Roser nannte ein aktuelles Beispiel, das den akuten Handlungsbedarf unterstreichen sollte. Es geht dabei um die Sicherung des Standorts Owen und der Arbeitsplätze: Wenn ein Unternehmen seine bisherigen Räumlichkeiten räumen muss, weil sie zu klein geworden sind oder die entsprechenden Verträge auslaufen, dann gebe es derzeit keine Möglichkeit, diesem Unternehmen adäquate Gewerbeflächen als Ersatz anzubieten.

Ohne geeigneten Standort in Owen wandere die Firma in die Umgebung ab, innerhalb des Landkreises, der Region Stuttgart oder sogar in einem noch größeren Umkreis. Gewerbeflächen braucht eine Kommune also nach wie vor, auch wenn sich diesbezüglich die Motivation geändert hat: "Früher hat man Gewerbeflächen ausgewiesen, um Gewerbesteuer zu bekommen", sagte der Owener Schultes aus langjähriger Erfahrung, "heute geht es darum, Arbeitsplätze für die Bevölkerung anzubieten und zu erhalten."

Diese Ansicht untermauerte Wirtschaftsförderer Markus Grupp im Owener Sitzungssaal mit Zahlen und Statistiken: "Die Zeit der großen Unternehmensansiedlungen ist vorbei." Nur noch fünf Prozent der neu geschaffenen Arbeitsplätze seien auf Neuansiedlungen zurückzuführen.
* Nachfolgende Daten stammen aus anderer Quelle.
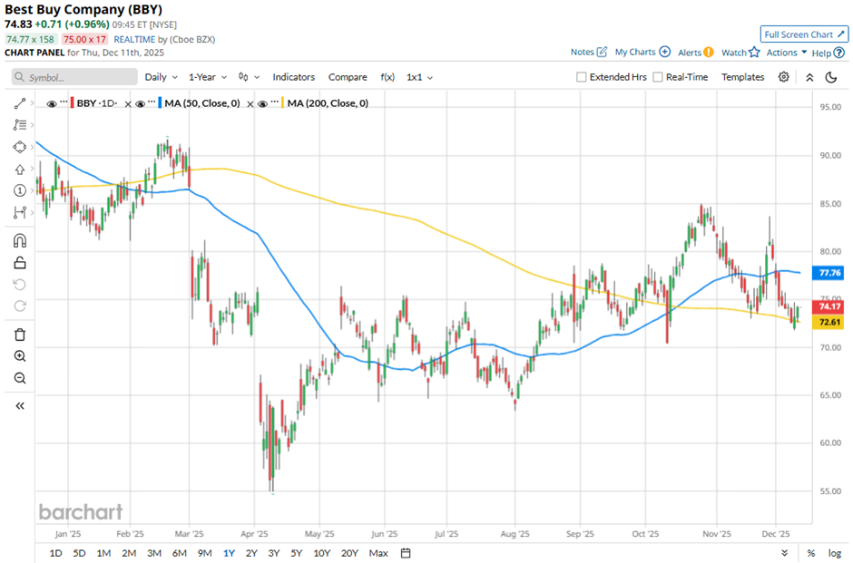 Longer term, BBY stock is down 13.6% on a YTD basis, underperforming XRT's 10.4% gain. Moreover, shares of the consumer electronics retailer have dipped 14.9% over the past 52 weeks, compared to XRT’s 4.2% rise over the same time frame.
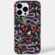 Make a bold statement with this enchanting phone case, where nature meets fantasy. Featuring a mesmerizing pattern of purple snakes with white spots, nestled among lush green leaves, red berries, and whimsical mushrooms, this design is both edgy and elegant. The dark background adds drama, allowing the vibrant colors to pop with personality.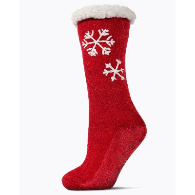 Memoi Women's Sweet Snowflake Tufted Top Plush Lined Slipper Socks Red 9-11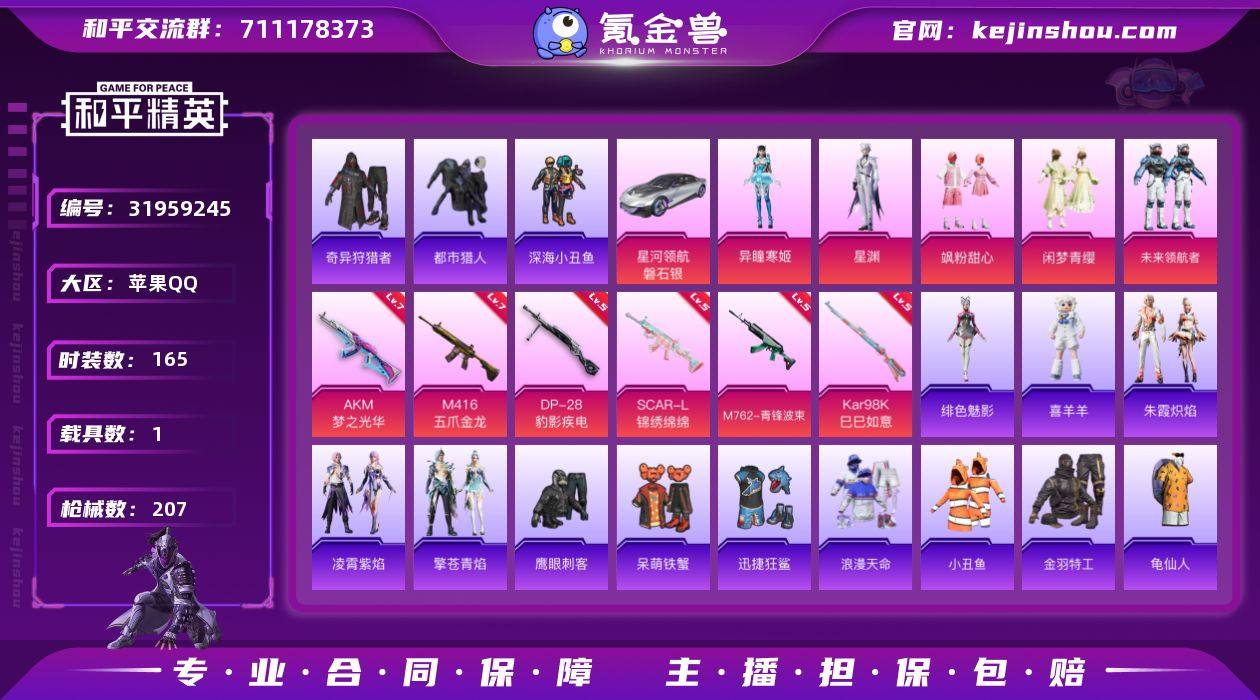 无二次-苹果手Q素材号-5粉装-7特效枪-1载具-3粉色飞行器-67722热力值-16王牌印记-165套装-207枪皮 【热门品类】:套装-浪漫天命,套装-都市猎人,套装-深海小丑鱼,套装-小丑鱼,套装-奇异狩猎者,套装-金羽特工,套装-龟仙人,套装-暗影哥特,角色-Mark.06 【粉色套装】:粉装-飒粉甜心,粉装-闲梦青缨,粉装-未来领航者,角色-星渊,角色-异瞳寒姬 【粉色枪皮等级】:AKM-梦之光华(七级),SCAR-L-锦绣绵绵(五级),M416-五爪金龙(七级),M762-青锋波束(五级),AKS-74U-森灵之息(五级),Kar98K-巳巳如意(五级),DP-28-豹影疾电(五级) 【粉色载具】:星河领航(磐石银) 【粉色枪皮】:AKM-梦之光华,SCAR-L-锦绣绵绵,M416-五爪金龙,M762-青锋波束,AKS-74U-森灵之息,Kar98K-巳巳如意,DP-28-豹影疾电 【粉色飞行器】:炫彩糖果飞行器,齐天大圣飞行器,英伦信使飞行器 【粉色降落伞】:绝对恒星降落伞,春暖花开降落伞,星之彼岸降落伞,洛神天依降落伞,旋转彩虹降落伞,圣堂之誓降落伞,创世·救赎降落伞,星梦奇缘降落伞,金丰海韵降落伞,BEARBRICK降落伞,未来领航者降落伞,千金淑猫降落伞,喜羊羊与灰太狼降落伞,异瞳寒姬降落伞,极意拳锋降落伞,炫彩糖果降落伞,罪夜之冕降落伞 【稀有套装】:套装-龟仙人,套装-雪国风尚,套装-炫彩糖果,套装-雏菊兔兔,套装-萝兰蝴蝶,套装-小熊娃娃,角色-米开朗基罗,角色-狂花道·雅典娜,套装-火种守卫者,套装-糖糖葫芦,套装-青团波波,套装-棉花软糖,角色-都市丽猫,套装-朱霞炽焰,套装-凌霄紫焰,套装-擎苍青焰,玩偶服-喜羊羊,角色-绯色魅影,角色-霜刃之御 【稀有枪皮】:AUG-冰晶雪宝,AKM-2P战斗服款,AKM-奇异狩猎者,AKM-彩虹符号,AKM-影袭,AKM-缤纷海域,AKM-虎虎生威,AKM-龙的传人,M16A4-幻世战舞者,M16A4-甜心亚梦,SCAR-L-夜灯,SCAR-L-...

Der Wirtschaftsförderer hat es bei der Standortvermittlung vor allem mit innerörtlichen Umsiedlungen etablierter Firmen zu tun. Dabei sieht er sich auch in einer Lotsenfunktion, um den Verwaltungsaufwand für kleinere Unternehmen verringern zu helfen.

Mittelfristig sagte Markus Grupp der Stadt Owen seine Unterstützung bei der Fortschreibung des Flächennutzungsplans zu, wobei er auf Diplomatie und Verhandlungsgeschick im Umgang mit anderen Behörden setzt: "Ich kann keine Entscheidung mit der Brechstange erzwingen. Wichtig ist, dass man im Dialog bleibt." So sei es sicher möglich, kleinere Flächen genehmigt zu bekommen. Andererseits gelte es auch, Gewerbebrachen durch die An- oder Umsiedlung von Unternehmen wiederzubeleben.

Was Standort und Werbung rund um die Teck betrifft, setzt der Esslinger Wirtschaftsförderer unter anderem auf die neue Messe: "Das hat auch Vorteile für Owen."